There are a ton more seal pictures here, plus a video.  Please forgive the peculiar few seconds at both beginning and end of the video.  I think it's the first one I've made with this camera.



Once it’s dark the seals get even spookier, and then back on the highway there’s a sign advertising scarecrows.  It has an arrow, pointing west, toward a clump of palm trees that look like scarecrows.  Their trunks are long sticks, topped with old palms that curl down and in to form a kind of stuffed-pillowcase ball, topped with the spiky hairdo of new palms sticking out and up.  I don’t know that they’d scare any known bird, though.  I reflect happily that as much as I enjoy seeing elk, or deer, or moose, at least with seals I needn't be afraid I might run into one on the highway.

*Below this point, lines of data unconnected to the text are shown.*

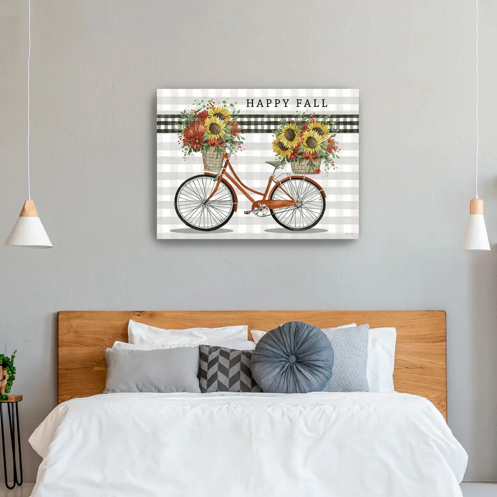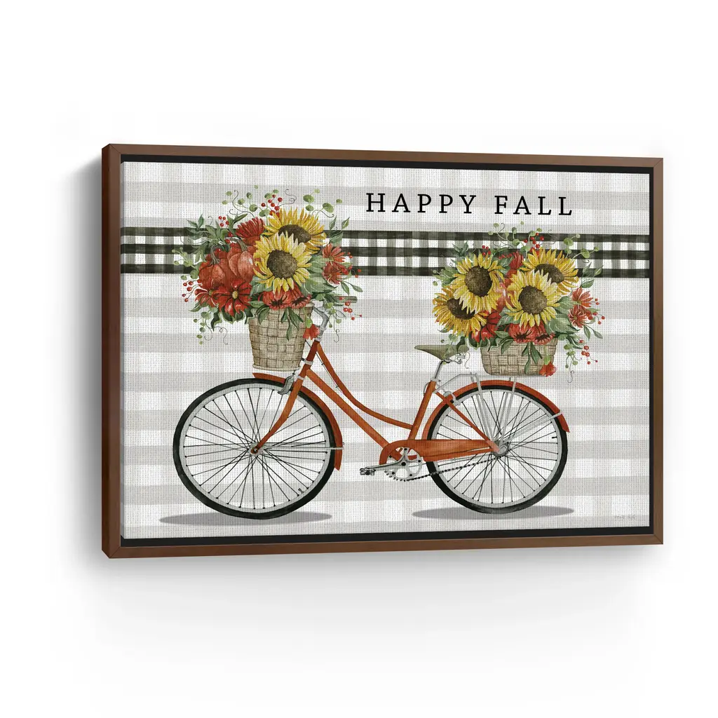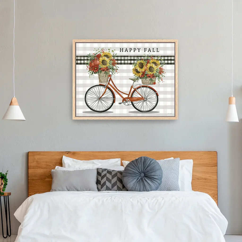 Happy Fall Bicycle Canvas Giclee - Framed / Dark Walnut / 18x24
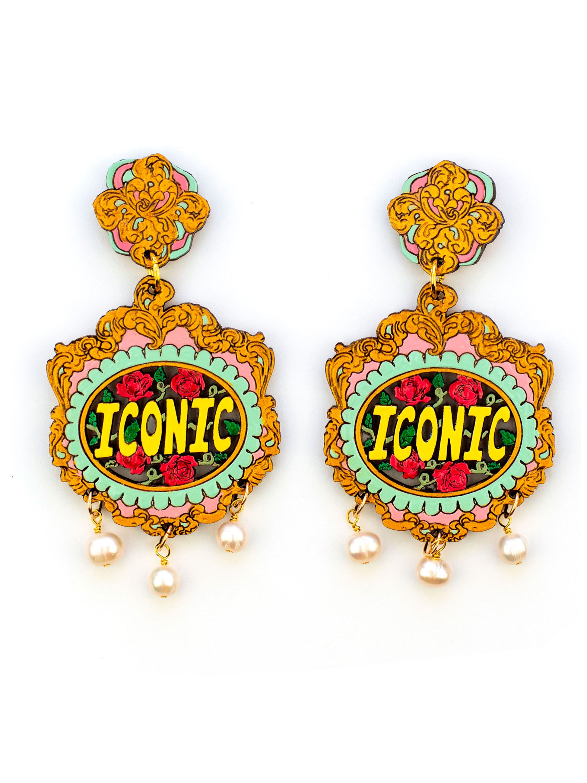 Add a touch of playfulness and glamour to any outfit with our Iconic earrings. Featuring the word ICONIC and three delicate pearls, these earrings are a perfect blend of bold and elegant. The ornate details add a quirky twist to these must-have accessories.
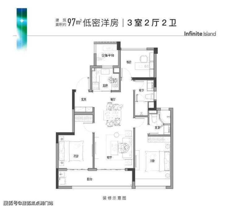 这么一来,户型的格局也就打开了。比如建面约97㎡三房两卫,就是三开间南的“三叶草”,室内无过道浪费,还带约6.4米宽景双阳台。
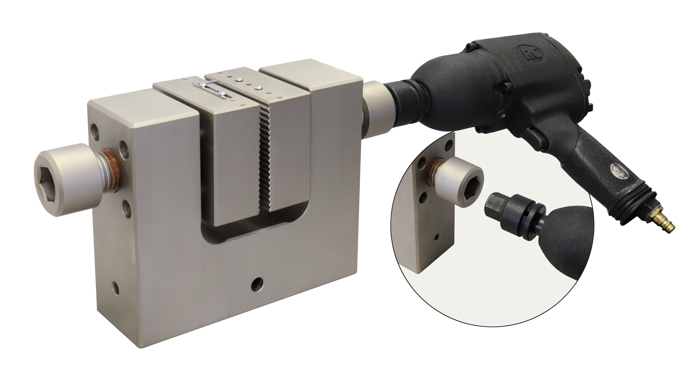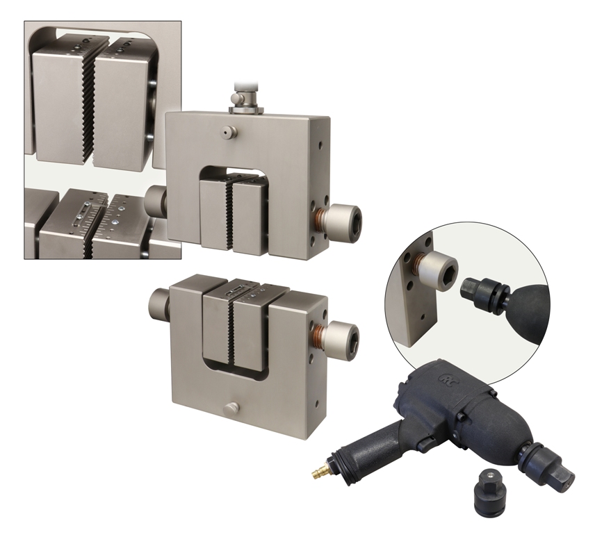 THS668-W80-1scr+BW100x100 Vise grip For samples 0-16 mm Clamping surface 100x100 mm Coupling Af318 Max. load 100 kN Steel, nickel-plated Temperature range: 0...+70°C

I get a bit of a scare when a pick-up truck high beams me from behind while I’m passing an 18-wheeler.  I pull back into the travel lane as soon as I can, and the pick-up passes me, moving briskly.  About 15 minutes later I see it pulled over to the side of the road, in the company of a police vehicle with its blue lights flashing.  Oh, dear.

There’s a tiny bit of sunlight still left, off to the west, as I pull off at Santa Barbara.  It is backlighting the hills.  How kind of it.